Kendinizi bir dörtlükle ifade edebilir misiniz? terimi Aslı Birer tarafından tarihinde eklendi
Kendinizi bir dörtlükle ifade edebilir misiniz? terimi Aslı Birer tarafından tarihinde eklendi
Din ile felsefenin örtüşmesi başka konuların birbirine karışması başka bir şey.
Mesela bendeniz de şiirlerimde insanın yaşadıklarından kaynaklı beyninlerinde oluşan insan enkazını mecazi anlamda ölüm’ü, ölüm çiçekleri olarak bilinen krizantem ile vermiş olduğum şiirde de asıl ölümlerin bedenlerde değil zihinlerde olduğunu. Bedenlerin yaşamsal döngüsünü tamamlayıp artık yok olmalarından ötürü duyulan yokluk üzgünlüğüyle, insan için ruhunda( aklında) herhangi sebepten dolayı meydana gelen ölümle çektiği acı bazen eşit bazen kişisel özelliklere göre daha da şiddetli hissedildiğini kapalı olarak söylemişim.
Bunu yaparken de hem aynı cümlede soruyu sorup cevabını da yine aynı cümle içerisinde düşündürmüşüm.
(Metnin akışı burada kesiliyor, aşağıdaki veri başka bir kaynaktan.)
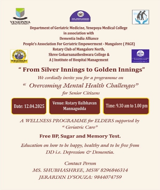 Dr. Prabha Adhikari , Professor and head Department of Geriatric medicine Yenepoya Medical College conducted wellness program “ From silver innings to golden innings “ in collaboration with Dementia India Alliance , PAGE, Rotary club of Mangalore North,, Shree Gokarnathewar College and AJ Institute of Hospital Management on 12th of April. Free BP, sugar and memory testing was also conducted

Aynı zamanda şiiri incelediğinizde de hiçbir karmaşa olmadığını çok sade bir dille de yazıldığını görebilirsiniz.
Ve Edip Cansever
Aynı temayı bakınız nasıl işler.
Ah güzel Ahmet abim benim
İnsan yaşadığı yere benzer
O yerin suyuna, o yerin toprağına benzer
Suyunda yüzen balığa
Toprağını iten çiçeğe
Dağlarının, tepelerinin dumanlı eğimine
Konyanın beyaz
Antebin kırmızı düzlüğüne benzer
Göğüne benzer ki gözyaşları mavidir
Denize benzer ki dalgalıdır bakışları
Evlerine, sokaklarına, köşebaşlarına
Öylesine benzer ki
Ve avlularına
(Bir kuyu halkasıyla sıkıştırılmıştır kalbi)
Ve sözlerine
(Yani bir cep aynası alım-satımına belki)
Ve bir gün birinin adres sormasına benzer
Sorarken sorarken üzünçlü bir görüntüsüne
Camcının cam kesmesine, dülgerin rende tutmasına
Öyle bir cıgara yakımına, birinin gazoz açmasına
Minibüslerine, gecekondularına
Hasretine, yalanına benzer
Anısı işsizliktir
Acısı bilincidir
Bıçağı gözyaşlarıdır kurumakta olan
Gülemiyorsun ya, gülmek
Bir halk gülüyorsa gülmektir
Ne kadar benziyoruz Türkiye'ye Ahmet Abi.
Selamlar Sn.Gül
Kant örneğini vermemin sebebi asırlar öncesinde Hayyamın felsefi bir savı şiirlerinde ustalıkla işlemesine örnek verirken niyetim kesinlikle din, islam gibi konulara evirmek değildi. Şiirde felsefeyi nasıl işleyebiliriz idi asıl konumuz ve iki farklı konuyu aynı anda işlemek sağlıksız olacağından size hak veriyorum.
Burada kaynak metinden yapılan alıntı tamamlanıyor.